Action item: An exact copy of the lines of the listing below between the "ويشتمل على وقائع" line and the "Sala com dois" line, both included, is the whole answer; please omit the pictures.

Data for analysis:
* * *

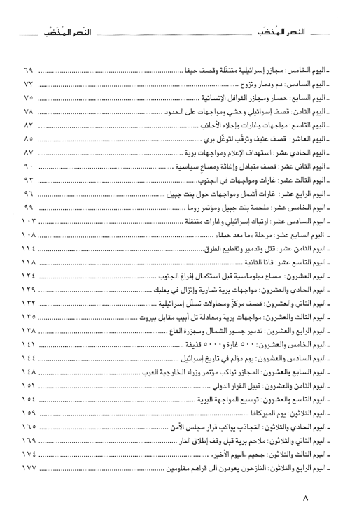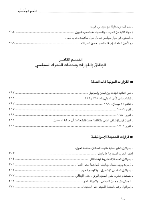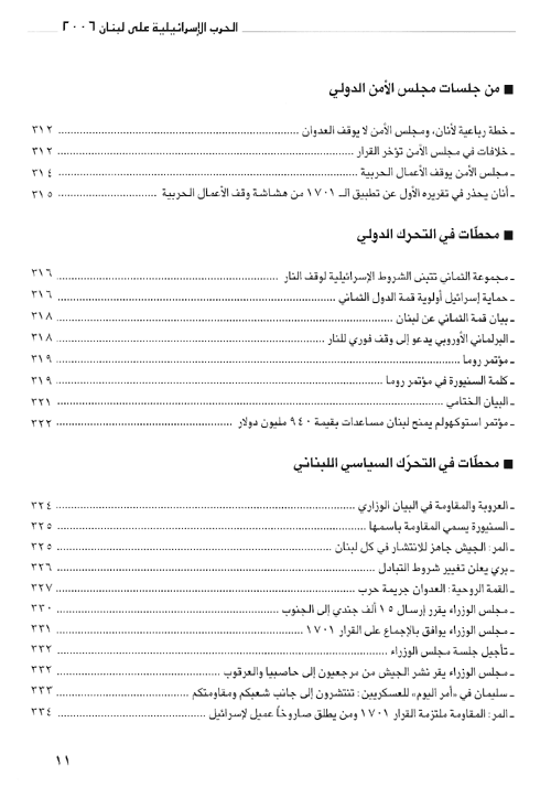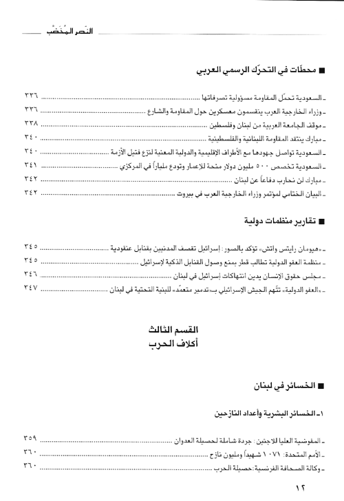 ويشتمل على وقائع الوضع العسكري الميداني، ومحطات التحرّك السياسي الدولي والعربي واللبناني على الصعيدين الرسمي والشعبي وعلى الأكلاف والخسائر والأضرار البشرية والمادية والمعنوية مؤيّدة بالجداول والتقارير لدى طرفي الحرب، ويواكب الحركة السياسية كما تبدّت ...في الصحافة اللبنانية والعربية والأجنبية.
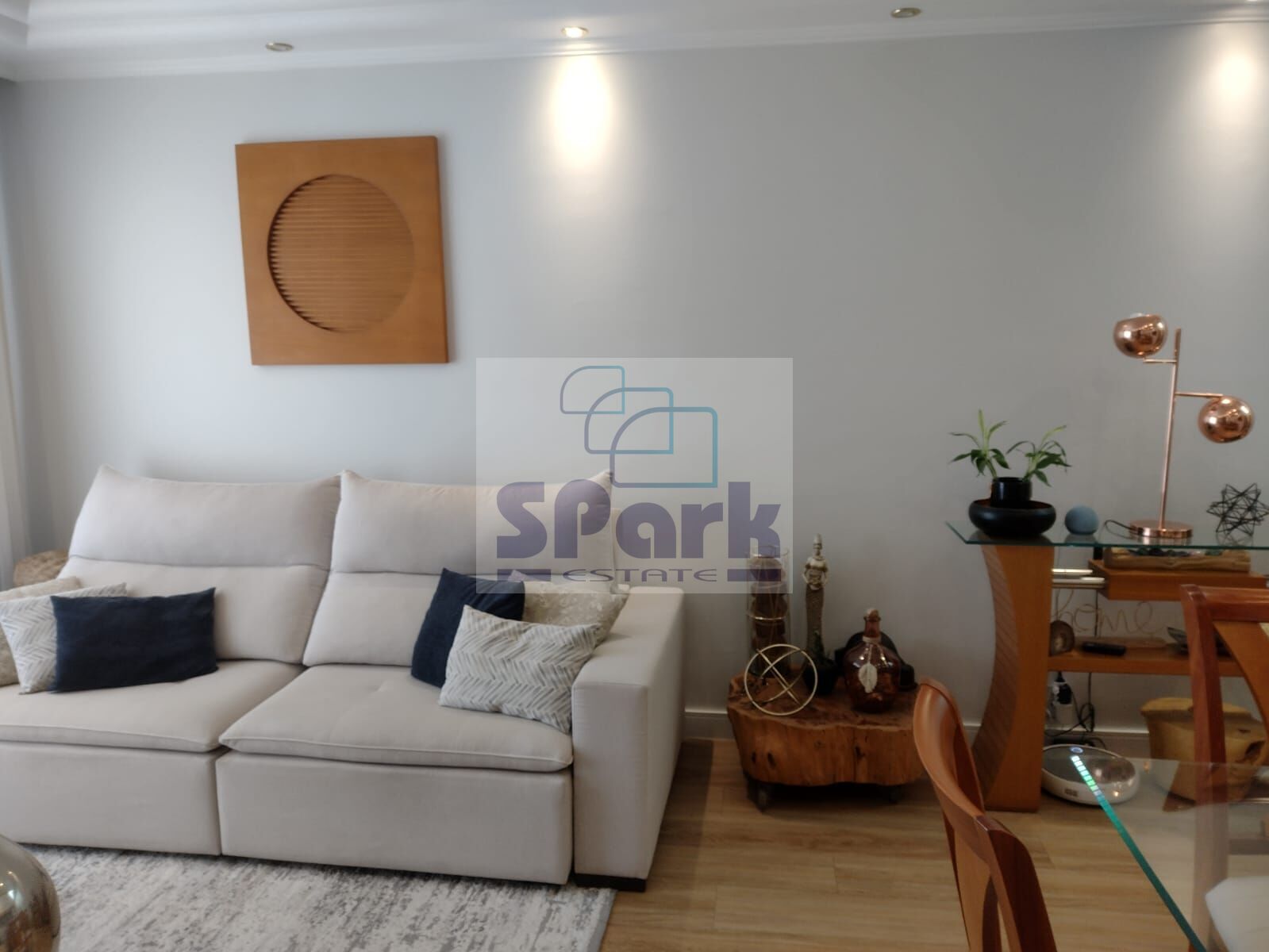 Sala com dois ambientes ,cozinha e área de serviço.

* * *

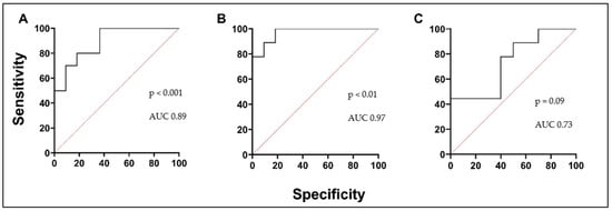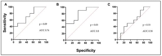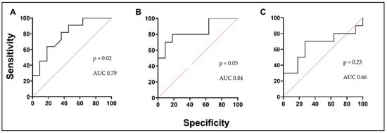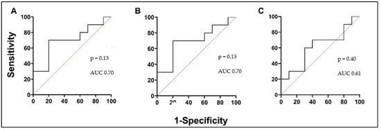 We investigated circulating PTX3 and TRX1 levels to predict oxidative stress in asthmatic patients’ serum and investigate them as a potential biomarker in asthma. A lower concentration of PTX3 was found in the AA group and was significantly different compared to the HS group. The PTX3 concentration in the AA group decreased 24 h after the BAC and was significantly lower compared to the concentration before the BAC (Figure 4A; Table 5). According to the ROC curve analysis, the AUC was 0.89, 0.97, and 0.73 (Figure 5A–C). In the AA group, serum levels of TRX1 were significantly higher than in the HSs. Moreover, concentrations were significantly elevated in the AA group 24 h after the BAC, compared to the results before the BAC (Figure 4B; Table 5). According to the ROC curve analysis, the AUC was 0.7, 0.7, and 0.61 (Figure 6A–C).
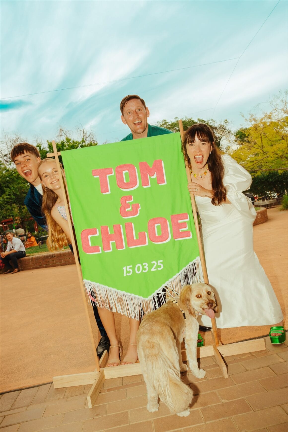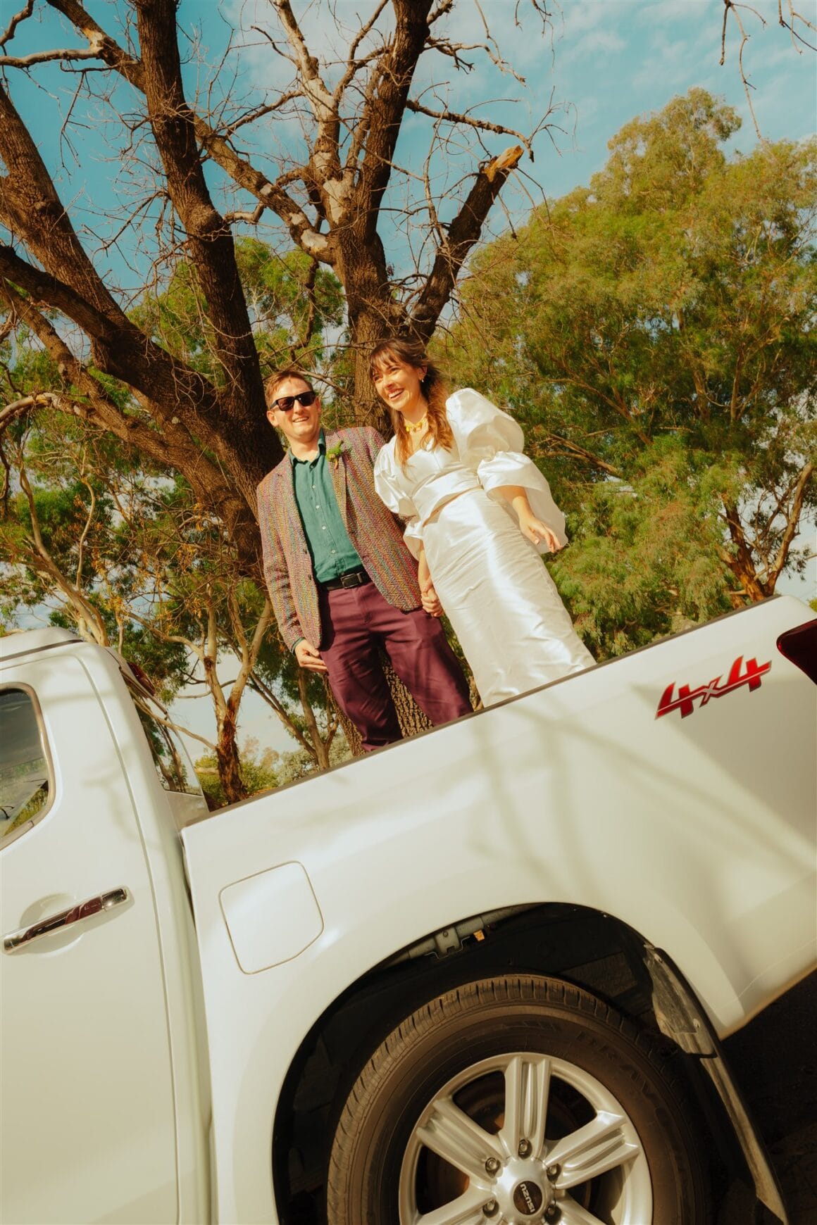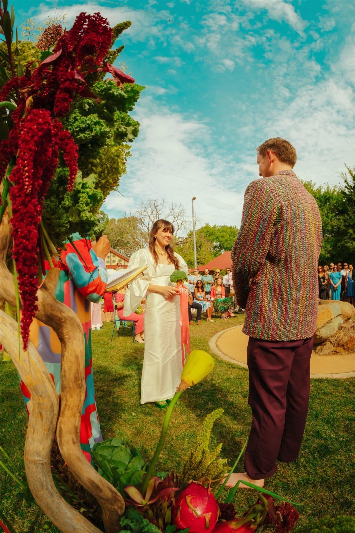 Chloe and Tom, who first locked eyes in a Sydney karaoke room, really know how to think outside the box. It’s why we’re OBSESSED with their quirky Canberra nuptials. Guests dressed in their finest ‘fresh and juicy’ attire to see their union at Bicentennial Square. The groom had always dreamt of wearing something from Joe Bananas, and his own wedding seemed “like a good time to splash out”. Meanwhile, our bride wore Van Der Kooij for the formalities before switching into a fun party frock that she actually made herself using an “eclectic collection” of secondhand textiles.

* * *

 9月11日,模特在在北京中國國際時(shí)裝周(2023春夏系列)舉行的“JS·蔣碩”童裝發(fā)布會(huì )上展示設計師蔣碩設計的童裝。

* * *

Answer for this exercise:
 ويشتمل على وقائع الوضع العسكري الميداني، ومحطات التحرّك السياسي الدولي والعربي واللبناني على الصعيدين الرسمي والشعبي وعلى الأكلاف والخسائر والأضرار البشرية والمادية والمعنوية مؤيّدة بالجداول والتقارير لدى طرفي الحرب، ويواكب الحركة السياسية كما تبدّت ...في الصحافة اللبنانية والعربية والأجنبية.
 Sala com dois ambientes ,cozinha e área de serviço.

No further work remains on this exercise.